I've asked him plenty of times how he does it but he's not sure. He thinks it's because he can clear his head of thoughts and I can't do this, I've tried and I continue to try as I work at yoga but for right now it eludes me.
My problem is that when I try not to think of anything, I think of all the many problems in my life, past, present and future. I'm working at changing this but it's slow, slow going.
So I think I managed to fall asleep between 10:30 and 11:00, figured I'd get some decent sleep but I woke at 4am for the second morning in a row! What the...? I don't get it. I'm also a person who starts thinking about stuff right away and find it impossible to fall asleep once I've woke up. So I'm really focusing right now on getting good sleep patterns and habits. It's a must for me right now.

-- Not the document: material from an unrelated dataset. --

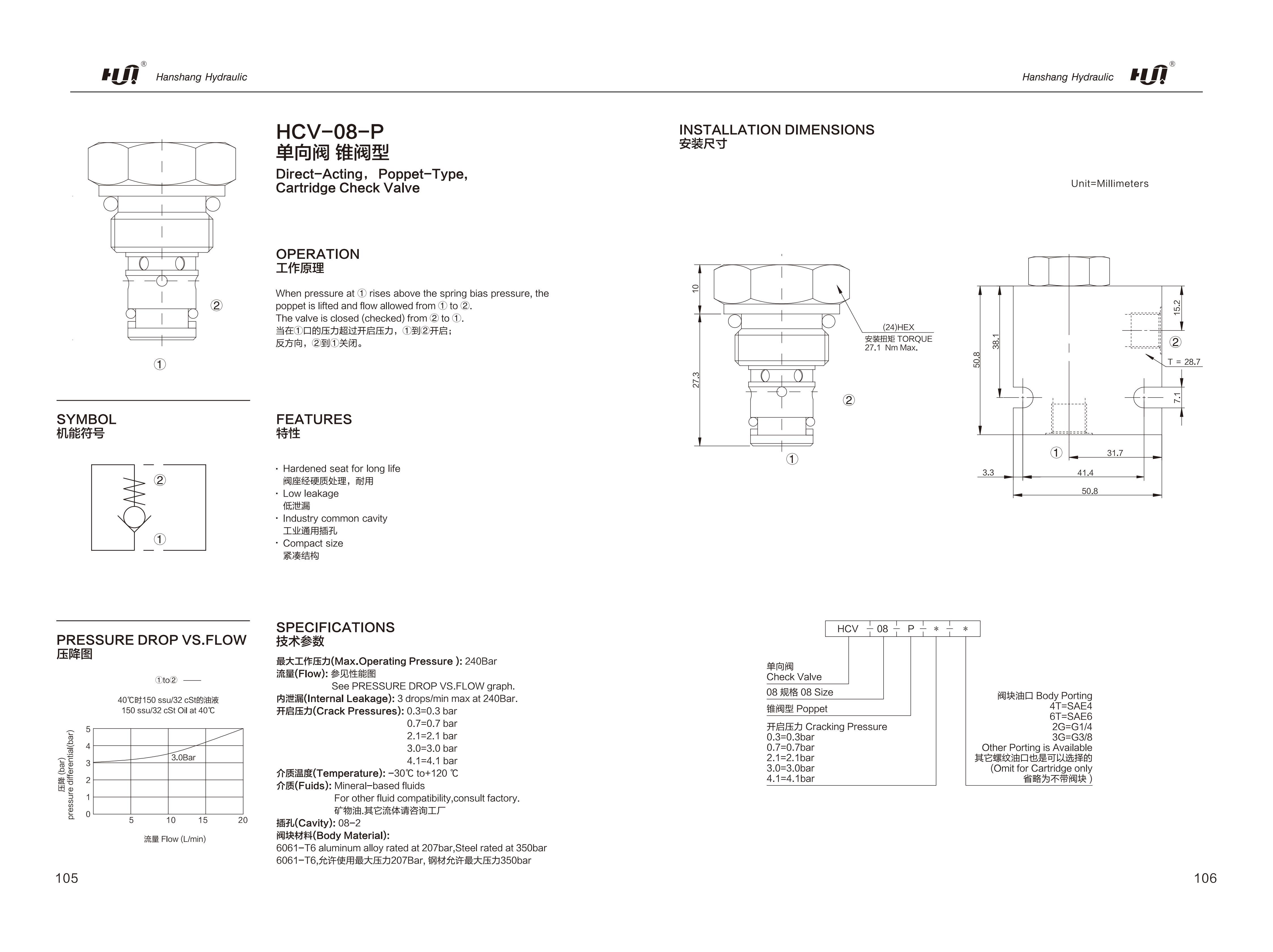 HCV-08-P Direct-Acting, Poppet-Type, Cartridge Check Valve

Saturday - I went to visit with my Mom and Dad. Dad says he's hanging in there, he's still alive when I ask how he's doing. I can't think of what else to ask him. Cancer sucks and it's eating away him him day by day and there is nothing we can do about it. We are past the initial shocked, angry, sad part of it all and are just being now. I go up to visit often but I wish I could do more for my mom. I hadn't been up since I've been sick and the cold spell hit, so it was nice to see him last night.

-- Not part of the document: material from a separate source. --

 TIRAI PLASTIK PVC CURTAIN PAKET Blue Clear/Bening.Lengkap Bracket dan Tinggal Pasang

Mom and I also went through my Nana's old knitting things. I got several sets of needles and a bunch of yarn/wool to practice knitting on.
So I stayed up until midnight trying to figure out how to do a three/four needle project. I think I got it figured out but we'll see.

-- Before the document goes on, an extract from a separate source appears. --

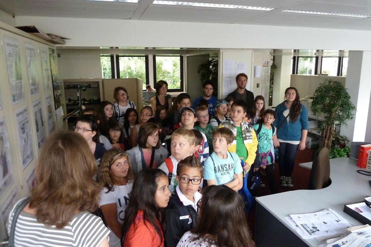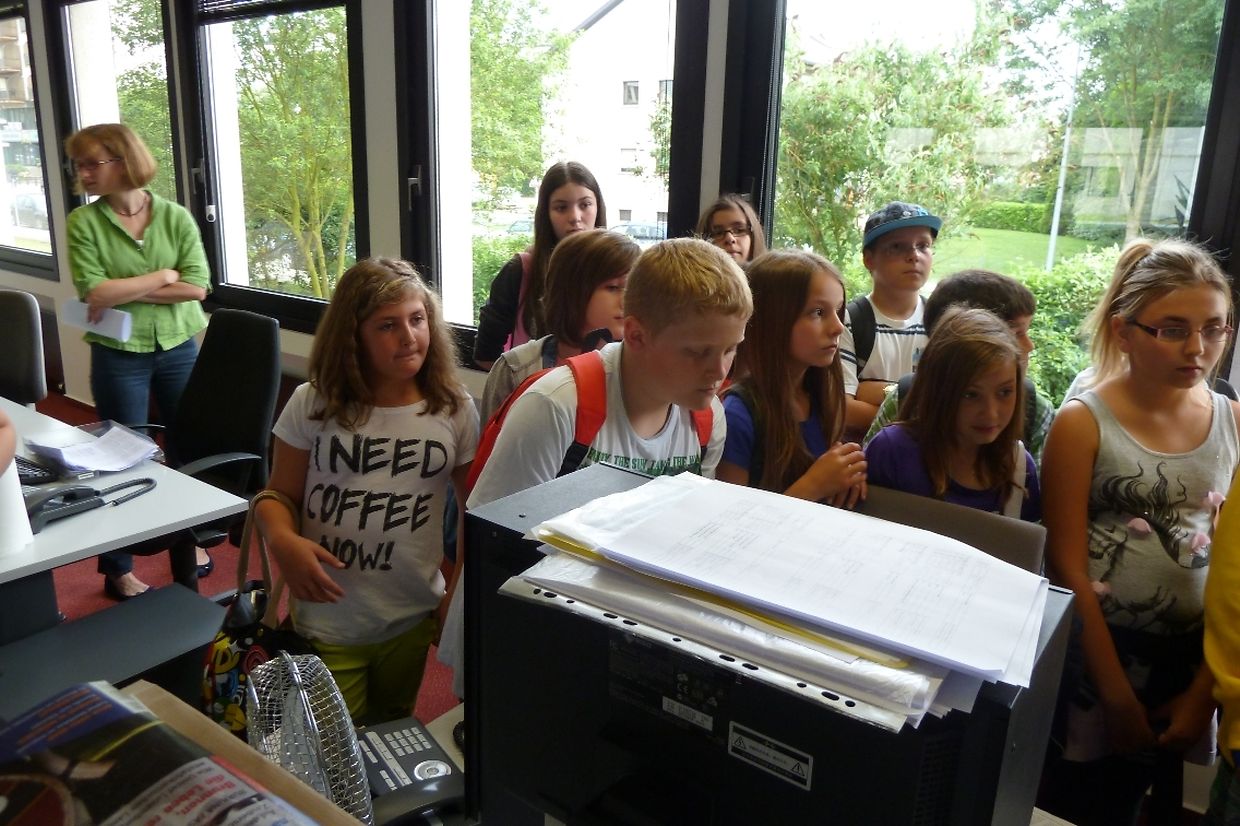 Nach einer langen Busfahrt sind wir in Gasperich beim Luxemburger Wort angekommen. Zuerst haben wir vor der Tür ein Foto gemacht. Nach dem wir ein Foto gemacht haben haben wir die Zeitung von morgen schon gesehen.

So I feel asleep fairly quickly but at 5am I heard my son yelling or rather screaming my name. My husband went to his rescue but I was awake and couldn't go back to sleep.
It's been a busy day cleaning up and running errands. Tonight it's girls night. We are at a different house tonight and it'll be interesting to see what we get up to tonight. Each ladies night we usually play a game but we are evolving and it's turning into a really great group!